Results 1 to 8 of 8
  1. #1
    Join Date
    Sep 2008
    Posts
    11

    Unanswered: Need to update columns with values from other tables

    Here is the situation:
    There is a process that receives a file from a vendor , formats the data and loads it to EMPL table.
    EMPL table contains among others Zip_cd and Zip_loc columns and Dept_cd and Dept_name columns.
    Zip_cd and Zip_loc columns are related and only value of Zip_cd is supplied on the file. There is separate LOCATION table that contains a City for every zip code.
    Same is for Dept_cd and Dept_name. Only Dept_cd is on the input file and there is a separate DEPARTMENT table that contains department name for each department code.

    So my assigment is to populate the Zip_loc and and Dept_name columns with values from associated LOCATION and DEPARTMENT tables.

    EMPL

    Empl_num
    Empl_name
    ......
    ......
    Dept_cd (value is supplied)
    Dept_name (value has to be taken from DEPARTMENT table)
    .......
    Zip_cd (value is supplied)
    Zip_loc (value has to be taken from LOCATION table)


    DEPARTMENT

    Dept_cd
    Dept_name

    ZIP

    ZIP_cd
    ZIP_loc


    What is the best way to approach this?

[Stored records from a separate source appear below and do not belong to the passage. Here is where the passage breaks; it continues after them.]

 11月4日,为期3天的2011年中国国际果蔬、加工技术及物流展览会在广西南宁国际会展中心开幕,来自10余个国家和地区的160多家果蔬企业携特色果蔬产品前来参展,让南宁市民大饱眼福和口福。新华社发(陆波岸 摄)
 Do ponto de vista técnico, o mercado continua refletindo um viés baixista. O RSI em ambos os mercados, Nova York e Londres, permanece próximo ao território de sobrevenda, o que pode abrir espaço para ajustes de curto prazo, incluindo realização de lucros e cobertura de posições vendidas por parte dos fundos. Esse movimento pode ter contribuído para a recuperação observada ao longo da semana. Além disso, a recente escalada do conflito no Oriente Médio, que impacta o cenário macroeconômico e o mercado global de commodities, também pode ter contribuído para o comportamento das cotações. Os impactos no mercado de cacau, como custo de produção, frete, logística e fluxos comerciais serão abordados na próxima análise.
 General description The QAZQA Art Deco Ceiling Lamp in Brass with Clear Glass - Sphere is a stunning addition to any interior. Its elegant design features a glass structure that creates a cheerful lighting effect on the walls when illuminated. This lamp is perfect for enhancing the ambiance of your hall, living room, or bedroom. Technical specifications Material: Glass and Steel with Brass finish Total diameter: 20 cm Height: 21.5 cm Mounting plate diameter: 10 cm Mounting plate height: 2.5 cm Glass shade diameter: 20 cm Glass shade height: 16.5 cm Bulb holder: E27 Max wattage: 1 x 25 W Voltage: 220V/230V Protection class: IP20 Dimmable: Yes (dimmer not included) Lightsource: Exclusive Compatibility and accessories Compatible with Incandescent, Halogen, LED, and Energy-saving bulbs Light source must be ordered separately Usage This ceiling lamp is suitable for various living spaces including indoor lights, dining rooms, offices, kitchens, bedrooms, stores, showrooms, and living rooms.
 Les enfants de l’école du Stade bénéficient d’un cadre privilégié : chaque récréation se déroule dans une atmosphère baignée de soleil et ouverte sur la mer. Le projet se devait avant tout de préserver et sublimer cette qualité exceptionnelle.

    1. Should I try and create an intermediate file that will be populated with the values from those 2 tables and after that it will be sorted and the EMPL table will be loaded?

    2. Or should I let the existing process alone (let the EMPL table to be created) and after that use a program to update the table and populate the columns?

    The thing is that the rows in EMPL table are in Employer number sequence and all there is no indexes on ZIP_CD or Dept_cd columns. So the update will have to do a table scan anyway so the process won't benefit much from using SQL versus one record at a time processing if I went with #1 and tried to update each record before loading.

    But let's assume I went with #2.

    3. I know how to update one column at a time:

    update EMPL
    set zip_loc = (select zip_loc from LOCATION b
    where b.zip_cd = EMPL.zip_cd)
    where b.zip_cd in (select EMPL.zip_cd from EMPL);

    But each row has two columns to be updated: ZIP_loc and Dept_name.
    Is there a way to do it with one SQL statement?


    4.
    In case there is no associated rows in the LOCATION or DEPARTMENT table , I have to pupulate the zip_loc and dept_name columns with the values of zip_cd and dept_cd.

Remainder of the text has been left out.